Before he could reply, they crashed through a tangle of branches. She winced—and then groaned aloud as Garfist got caught among them for long enough to yank her over on her side.

Growling, he let fly a lusty kick at an unseen bough, thrusting them free. Juskra wobbled like a drunkard through the sky, hissing curses, almost slamming into the next tree before she righted herself and drew in her wingtips in time to plunge between two thick stands of gallart-tops, and burst through the upper branches of a pine.

In grim silence, Dauntra followed her, keeping higher to spare herself and Iskarra the battering. Juskra was ducking and darting down a narrow, tree-choked cleft between two ridges, somewhere in the heart of the Raurklar, and a wet flatness that might be water—or just might be a bog—could be seen somewhere ahead.

"Here?" Gar growled at the battlescarred Aumrarr above him, waving a hand at it.

"Don't do that," she snapped back at him, as his gesture set them to rocking in the air and turned a smooth banking glide into frantic flapping. "No, not here. I've no wish to try to fight lorn up to my neck in sucking mud."

"So why not—"

"Garfist Gulkoun," Juskra growled fiercely, "shut your endless roar and listen to me. I'm about spent. That ring I gave you? Think of a sunrise, remember? Once it glows, it can strike someone—yes, it works on lorn—senseless at a touch. It won't glow again right away, though, and each time you use it in the same fray, it'll be a little slower to awaken than the last time. Oh, and one thing more: it seems to only work once on someone. So if you send a lorn to sleep, don't try using it on the same lorn a second time. And don't use it on me."

"Oh? Why? Ye'll get upset?"

Juskra rolled her eyes. She couldn't see Gar's grin, but she could hear it in his voice.

"Yes," she replied evenly. "I'll get upset—and we can't have that."
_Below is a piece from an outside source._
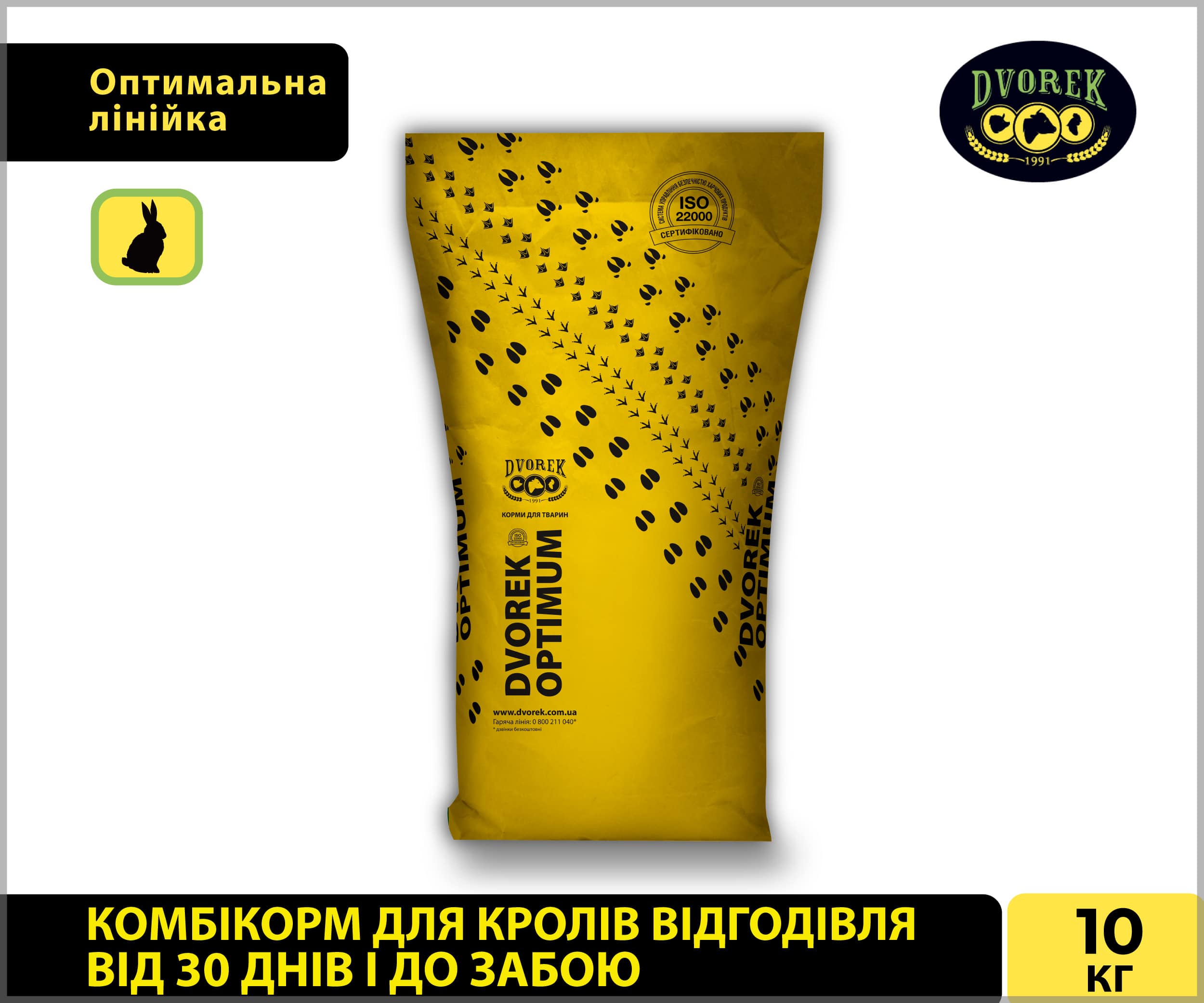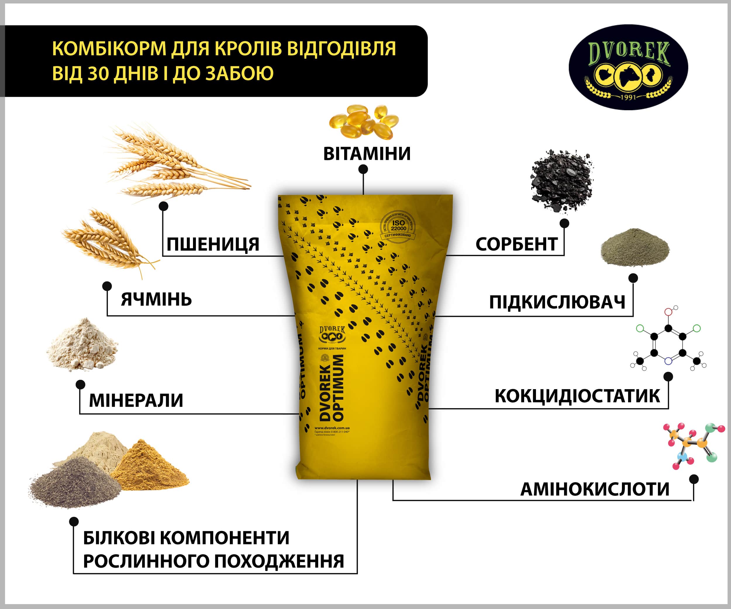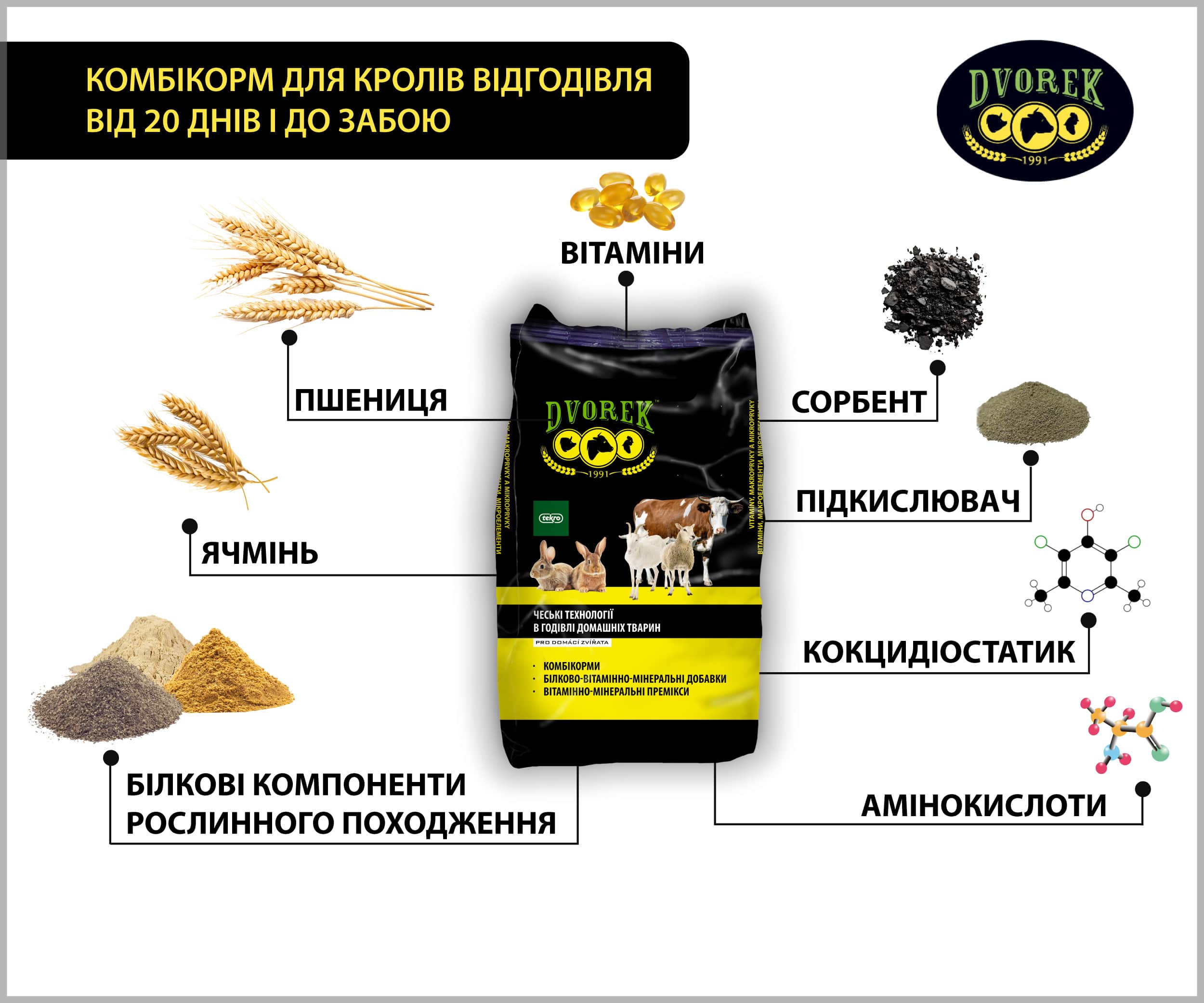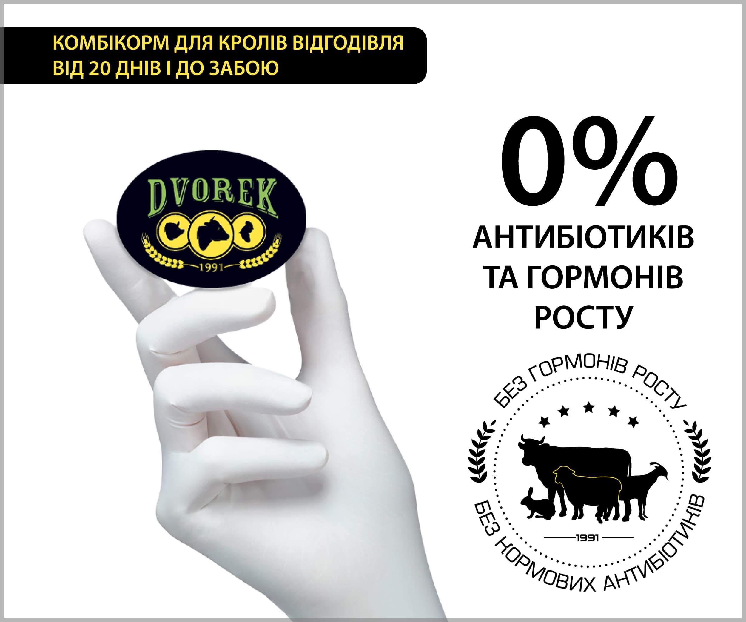 Комбікорм для кролів ВІДГОДІВЛЯ від 20 днів і до забою ТМ ДВОРЕК –  максимально збалансований за поживними речовинами і при цьому фізіологічно підходить для організму кролів. Корм має вигляд гранул, які досить міцні, що запобігає утворення пилу. В склад комбікорму входять: ячмінь, пшениця, білкові компоненти рослинного походження, амінокислоти, вітаміни, макро- та мікроелементи та інше. Всі компоненти комбікорму проходять лабораторний контроль перед використанням у виробництві, в результаті кінцевий продукт високої якості. Вміст протеїну 16,5 %.

Despite herself, Juskra was grinning as she ducked around a huge old pine tree, misjudged the space beyond—and slammed hard into a gallart-top that had been tall and strong when Highcrag was built.

And was now old, hollow, dead, and the size of a small castle keep.

Juskra moaned in pain as she crashed through a dozen lichen- cloaked, long-dead branches and into the main trunk beyond, winding her and smashing something small in her left wing—and shattering the rotten trunk in an explosion of dead-dry wood.

Garfist's cursing, as he crashed along in her wake, ended in helpless coughing and choking as he breathed in a cloud of wood dust, and the air around them echoed with the dull snap of the trunk breaking right through and the rest of the tree starting to topple on them from above, breaking apart as it came.

Which was a good thing for the startled Dauntra and Iskarra, who flew right into it all with identical startled shrieks.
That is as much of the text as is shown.